The key to efficiently counting nodes in a complete tree is realizing it has a special structure. We don't need to visit every single node; instead, we use the tree's properties to quickly calculate the number of nodes.

Here's how the algorithm would work step-by-step:

  1. First, determine the height of the tree. A complete tree has a guaranteed path down the left side, so efficiently find that depth.
  2. Next, check if the last level of the tree is completely full. To do this, find the height of the right subtree.
  3. If the left and right subtrees have the same height, the left subtree is a perfect binary tree. We know the number of nodes in a perfect tree based on its height.
  4. If the left and right subtrees don't have the same height, the right subtree is one level shorter. Now, the right subtree is a complete binary tree and the left subtree is nearly perfect. We can recursively count the nodes in the right subtree.
  5. We continue this divide-and-conquer approach, leveraging the complete tree's structure to dramatically reduce the work required compared to visiting every node.

Code Implementation

class TreeNode:
    def __init__(self, val=0, left=None, right=None):
        self.val = val
        self.left = left
        self.right = right

class Solution:
    def countNodes(self, root):
        if not root:
            return 0

        def get_height(node):
            height = 0
            while node:
                height += 1
                node = node.left
            return height

        left_height = get_height(root.left)
        right_height = get_height(root.right)

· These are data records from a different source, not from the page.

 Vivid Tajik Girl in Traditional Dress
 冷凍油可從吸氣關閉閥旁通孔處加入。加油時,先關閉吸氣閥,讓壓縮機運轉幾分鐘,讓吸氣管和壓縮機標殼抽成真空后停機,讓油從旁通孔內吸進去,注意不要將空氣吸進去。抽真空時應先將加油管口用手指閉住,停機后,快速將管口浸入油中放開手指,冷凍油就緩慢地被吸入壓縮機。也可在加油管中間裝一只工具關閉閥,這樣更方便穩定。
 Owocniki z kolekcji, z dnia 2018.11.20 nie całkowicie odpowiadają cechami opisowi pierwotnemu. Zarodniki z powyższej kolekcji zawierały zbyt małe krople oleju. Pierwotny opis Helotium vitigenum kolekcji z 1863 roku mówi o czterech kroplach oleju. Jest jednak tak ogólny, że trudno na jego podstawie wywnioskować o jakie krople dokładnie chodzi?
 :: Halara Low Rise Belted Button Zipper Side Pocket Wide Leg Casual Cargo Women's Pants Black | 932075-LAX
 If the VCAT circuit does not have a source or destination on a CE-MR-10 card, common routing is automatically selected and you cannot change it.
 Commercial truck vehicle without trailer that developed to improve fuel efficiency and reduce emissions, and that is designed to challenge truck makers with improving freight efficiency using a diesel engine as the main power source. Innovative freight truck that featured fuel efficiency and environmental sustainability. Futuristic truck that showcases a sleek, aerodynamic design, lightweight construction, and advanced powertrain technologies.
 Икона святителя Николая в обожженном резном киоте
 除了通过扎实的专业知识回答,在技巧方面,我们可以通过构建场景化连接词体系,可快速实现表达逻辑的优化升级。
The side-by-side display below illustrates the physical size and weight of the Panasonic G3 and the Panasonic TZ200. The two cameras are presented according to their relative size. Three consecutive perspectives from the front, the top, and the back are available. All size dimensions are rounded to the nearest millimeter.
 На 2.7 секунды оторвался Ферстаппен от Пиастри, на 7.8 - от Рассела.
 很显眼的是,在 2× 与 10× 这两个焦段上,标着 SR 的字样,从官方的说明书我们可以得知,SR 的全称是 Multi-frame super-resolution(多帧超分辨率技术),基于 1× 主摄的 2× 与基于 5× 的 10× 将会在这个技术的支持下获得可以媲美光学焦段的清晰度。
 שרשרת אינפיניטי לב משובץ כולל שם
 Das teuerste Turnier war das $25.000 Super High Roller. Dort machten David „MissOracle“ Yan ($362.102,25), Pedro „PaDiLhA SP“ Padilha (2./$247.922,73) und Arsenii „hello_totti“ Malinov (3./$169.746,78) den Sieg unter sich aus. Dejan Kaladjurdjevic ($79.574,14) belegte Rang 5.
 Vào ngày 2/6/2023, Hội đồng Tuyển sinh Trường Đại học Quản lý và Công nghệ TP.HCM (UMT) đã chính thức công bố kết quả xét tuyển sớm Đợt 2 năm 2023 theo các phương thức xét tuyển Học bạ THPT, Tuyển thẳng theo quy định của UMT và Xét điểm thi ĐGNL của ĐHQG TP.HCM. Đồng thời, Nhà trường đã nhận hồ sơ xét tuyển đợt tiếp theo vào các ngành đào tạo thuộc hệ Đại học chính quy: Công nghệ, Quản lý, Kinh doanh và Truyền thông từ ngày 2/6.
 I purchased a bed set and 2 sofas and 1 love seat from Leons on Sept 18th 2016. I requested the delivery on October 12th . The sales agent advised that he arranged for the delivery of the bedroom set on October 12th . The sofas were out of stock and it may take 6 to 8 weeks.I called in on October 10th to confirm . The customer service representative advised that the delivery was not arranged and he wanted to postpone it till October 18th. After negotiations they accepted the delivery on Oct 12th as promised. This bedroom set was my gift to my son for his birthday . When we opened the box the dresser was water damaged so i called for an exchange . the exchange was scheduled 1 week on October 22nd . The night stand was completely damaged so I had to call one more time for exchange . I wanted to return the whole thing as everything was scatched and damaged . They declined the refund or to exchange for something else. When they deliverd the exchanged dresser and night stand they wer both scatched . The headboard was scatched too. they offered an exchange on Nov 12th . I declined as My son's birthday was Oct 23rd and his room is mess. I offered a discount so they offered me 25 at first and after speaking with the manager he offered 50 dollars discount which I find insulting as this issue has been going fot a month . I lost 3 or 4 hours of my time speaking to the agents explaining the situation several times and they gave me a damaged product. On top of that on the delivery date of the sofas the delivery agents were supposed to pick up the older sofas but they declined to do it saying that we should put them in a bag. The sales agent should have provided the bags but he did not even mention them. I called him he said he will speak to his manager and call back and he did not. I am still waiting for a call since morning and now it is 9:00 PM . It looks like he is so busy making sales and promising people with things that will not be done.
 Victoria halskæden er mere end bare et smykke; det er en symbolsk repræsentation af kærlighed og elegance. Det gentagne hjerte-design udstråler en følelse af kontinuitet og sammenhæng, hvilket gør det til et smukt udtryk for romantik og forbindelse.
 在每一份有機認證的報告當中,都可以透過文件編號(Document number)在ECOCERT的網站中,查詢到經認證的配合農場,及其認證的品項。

        # If heights are equal, left subtree is perfect.
        if left_height == right_height:

            return (1 << left_height) + self.countNodes(root.right) + 0

        # Otherwise, right subtree is complete but one level shorter.
        else:
            return (1 << right_height) + self.countNodes(root.left) + 0

Big(O) Analysis

Time Complexity
O(log²(n))The algorithm relies on recursively exploring subtrees, effectively halving the search space at each level. The height of a complete binary tree with n nodes is log(n). Within each level of the tree (log(n) levels), we perform a constant amount of work to calculate left and right subtree heights. Since calculating subtree heights takes O(log(n)) time in the worst case, and this is done at each of the O(log(n)) levels of the recursion, the overall time complexity is O(log(n) * log(n)), which simplifies to O(log²(n)).
Space Complexity
O(log N)The space complexity is determined by the recursion depth. The algorithm recursively calls itself on either the left or right subtree. In a complete tree, the height is approximately log N, where N is the number of nodes. Therefore, the maximum depth of the recursion stack is log N, leading to a space complexity of O(log N).

Edge Cases

Null or empty tree
How to Handle:
Return 0 immediately if the root is null, representing an empty tree.
Tree with only a root node
How to Handle:
Return 1 if only a root node exists, as it represents one node in the tree.
Perfectly balanced complete binary tree
How to Handle:
Utilize the formula 2^height - 1 to calculate efficiently without traversing all nodes.
Completely skewed tree (left or right)
How to Handle:
Fall back to the O(n) traversal method, as the height calculation shortcut won't apply.
Maximum height tree (based on memory constraints)
How to Handle:
Ensure that the recursion depth or iterative stack doesn't exceed memory limits, potentially using an iterative solution.
Integer overflow in height calculation or node count
How to Handle:
Use appropriate data types (long) to avoid integer overflow during height calculation or when counting a large number of nodes.
Tree with a very deep left subtree and a shallow right subtree.
How to Handle:
Height calculation may still be unbalanced and slow if the tree's right side is significantly shorter than the left.
Tree where the last level is not filled completely from left to right.
How to Handle:
The solution should accurately count the number of nodes in the last level by checking each node.